Os ventiladores no terreiro híbrido – O método de secagem utilizado é a operação que exerce mais influência na qualidade final do produto e é durante os três primeiros dias, após a colheita, que o cafeicultor tem condições de manter a qualidade do produto colhido, evitando a proliferação de organismos que deterioram o café na fase inicial de secagem. Até recentemente não existia um sistema de secagem de café para atender, satisfatoriamente, à maioria dos produtores. O terreiro híbrido é tecnologia simples, econômica e capaz de secar o café recém-saído do lavador ou descascador em menos de cinquenta horas efetivas de funcionamento com o ar aquecido a 50º.

 

Consiste no uso de parte de um terreiro convencional onde se adapta um sistema de ventilação composto de ventilador, túnel e distribuidores de ar, cujo ar é aquecido por uma fornalha para biomassa ou qualquer outra forma de aquecimento para secagem do produtor enleirado sobre as calhas de distribuição. A secagem por ar aquecido, usando fornalhas eficientes em pré-secadores e secadores, acelera o processo de secagem e evita a proliferação de organismos que deterioram o café na fase inicial de secagem.

 

Produção com economia – Na produção de grãos de café, a secagem é a operação que mais consome energia elétrica e de biomassa. As operações de secagem e armazenagem, quando realizadas corretamente e com equipamentos eficientes, contribuem significativamente para a redução dos custos operacionais em razão da economia de energia que propiciam.

 

Os pesquisadores afirmam que os equipamentos para produção do café cereja descascado (máquinas de limpeza, lavadores, classificadores, despolpadores) e um bom sistema de secagem e armazenagem levam sempre a uma produção de qualidade com baixo consumo energético.
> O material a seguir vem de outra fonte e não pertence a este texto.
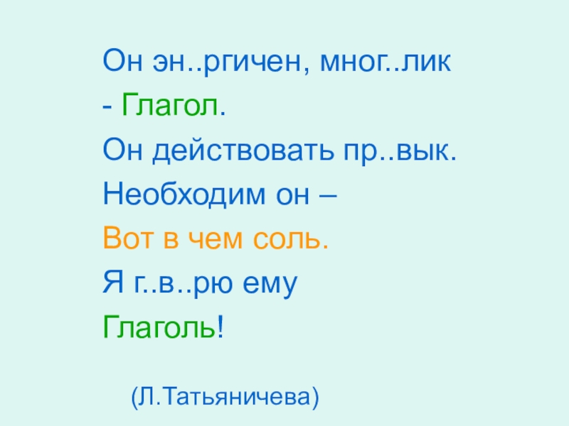 Он эн..ргичен, мног..лик- Глагол.Он действовать пр..вык.Необходим он – Вот в чем соль.Я г..в..рю емуГлаголь!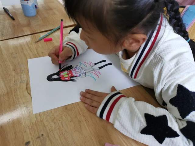 春日富有活力充满着希望,百花齐放,色彩斑斓。春分节气,主要表现三种主要色彩,分别是植树造林的绿,燕子筑巢的黑白,樱花烂漫的粉。用这三种主要的节气色彩设计的春装!孩子们发挥丰富的想象力,设计出了男女服装的各种款式,通过学习了节气色彩的搭配和运用,绘出春日的鲜艳与美好,体验绘画与设计的快乐!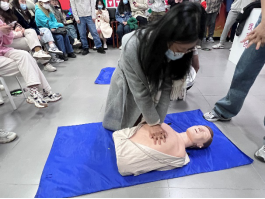 RUC应急志愿队宣讲成员向同学们讲授了心肺复苏术(简称CPR)的基础知识并利用假人模拟演示了心肺复苏的全过程。为加强对心肺复苏术的理解,规范操作流程,av无码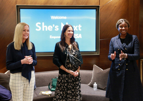 비자가 지원하는 여성 소유 중소기업을 옹호하기 위한 글로벌 이니셔티브를 발표했다. 비자의 임원 메리 앤 라일리(좌)와 수잔 커리어(우)가 여성창업자공동체 주최로 뉴욕시 허드슨 야드에서 개최된 행사에서 창립자 레베카 밍코프(가운데)와 함께 했다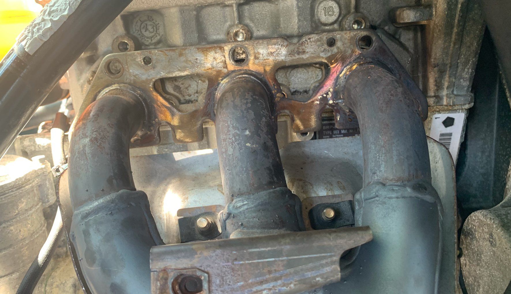 TÜV und AU Spätestens nach zwei Jahren steht der Weg zum TÜV an. Und dann kommen plötzlich die Fragen. Wie wird die AU gemacht? Wie werden die Bremsen geprüft? Wo ist eigentlich die Fahrgestellnummer? Grundsätzlich sollte man sich keine Gedanken darüber machen. Die TÜV-Prüfung wird von einem Prüfer für Motorräder abgenommen. Und auch die haben noch nicht viele RYKER geprüft. Solange sie keinen Mangel feststellen, können sie nichts machen, und wenn sie etwas aus Unwissenheit nicht prüfen können, ist es ihr Problem. In der Regel sind sie aber immer recht locker. Wie wird die Abgasuntersuchung (AU) gemacht? Normalerweise wird die AU bei einer gewissen Drehzahl gemessen. Das ist beim Ryker aufgrund der Vario aber nicht möglich. Ich habe schon die wildesten Aktionen gehört, die sich unerfahrene TÜV-Prüfer haben einfallen lassen. Die Bremse ziehen und Gas geben, was den Zahnriemen killen kann, oder das Aufbocken des Hinterrads, was sofort zu einem VSS-Fehler führt. Bei der AU muss der Prüfer das Messgerät auf die Drehzahl im Standgas, also 800 U/min, einstellen und messen. Wie werden die Bremsen geprüft? Ganz einfach: mit einer Probefahrt. Da wir am Ryker ja nur die Fußbremse haben, die auf alle Räder wirkt, kann dabei wenig passieren. Auf einen Prüfstand fährt der Prüfer nicht. Wo ist die Fahrgestellnummer? Das ist immer wieder eine spannende Frage. Auf der Suche stößt man auf einige Teilenummern, die in die verschiedenen Teile eingeschlagen sind. Jedesmal denkt man, man hätte die Fahrgestellnummer gefunden. Can-Am war sehr kreativ im Anbringen der wichtigsten Nummern. Man findet die Fahrgestellnummer wie folgt: Lenker links einschlagen. Hinter das rechte Vorderrad hinlegen. Von unten mit einer Taschenlampe schräg nach oben in Richtung Kühler leuchten. An einer Querstrebe des Rahmens, ziemlich weit vorne, ist die Fahrgestellnummer eingeschlagen. Meist ist sie stark verschmutzt und auf den ersten Blick sehr schwer zu erkennen. Man muß die Stelle mit einem Tuch säubern.

Para garantir padrão de qualidade superior, além de a secagem ser feita o mais breve possível, a temperatura máxima segura da massa de grãos durante a secagem não deve ser superior a 40oC. O uso de pré-secadores e secadores adequados ou que independa das condições climáticas dá ao cafeicultor uma garantia de bom trabalho e produção com qualidade.

 

Avanços da cafeicultura no Brasil – Segundo o Informe Estatístico do Café – Dcaf/Mapa – a produção e a produtividade do café, em 1997, quando da criação do Consórcio Pesquisa Café, era de 2,4 milhões de hectares de área cultivada, com produção de 18,9 milhões de sacas de 60kg e produtividade de 8,0 sacas/hectare.

 

 Passados 16 anos, em 2013, de acordo com o segundo levantamento de safra da Companhia Nacional de Abastecimento – Conab (maio/2013), com praticamente a mesma área cultivada – 2,3 milhões de hectares – o País deverá produzir 48, 5 milhões de sacas, com uma produtividade de 23,8 sacas/ha.

 

Consórcio Pesquisa Café – Criado em 1997, congrega instituições de pesquisa, ensino e extensão localizadas nas principais regiões produtoras do País. Seu modelo de gestão incentiva a interação das instituições e a otimização de recursos humanos, físicos, financeiros e materiais.

 

Foi criado por dez instituições: Empresa Baiana de Desenvolvimento Agrícola – EBDA, Empresa Brasileira de Pesquisa Agropecuária – Embrapa, Empresa de Pesquisa Agropecuária de Minas Gerais – Epamig, Instituto Agronômico – IAC, Instituto Agronômico do Paraná – Iapar, Instituto Capixaba de Pesquisa, Assistência Técnica e Extensão Rural – Incaper, Ministério da Agricultura, Pecuária e Abastecimento – Mapa, Empresa de Pesquisa Agropecuária do Estado do Rio de Janeiro – Pesagro-Rio, Universidade Federal de Lavras – Ufla e Universidade Federal de Viçosa – UFV.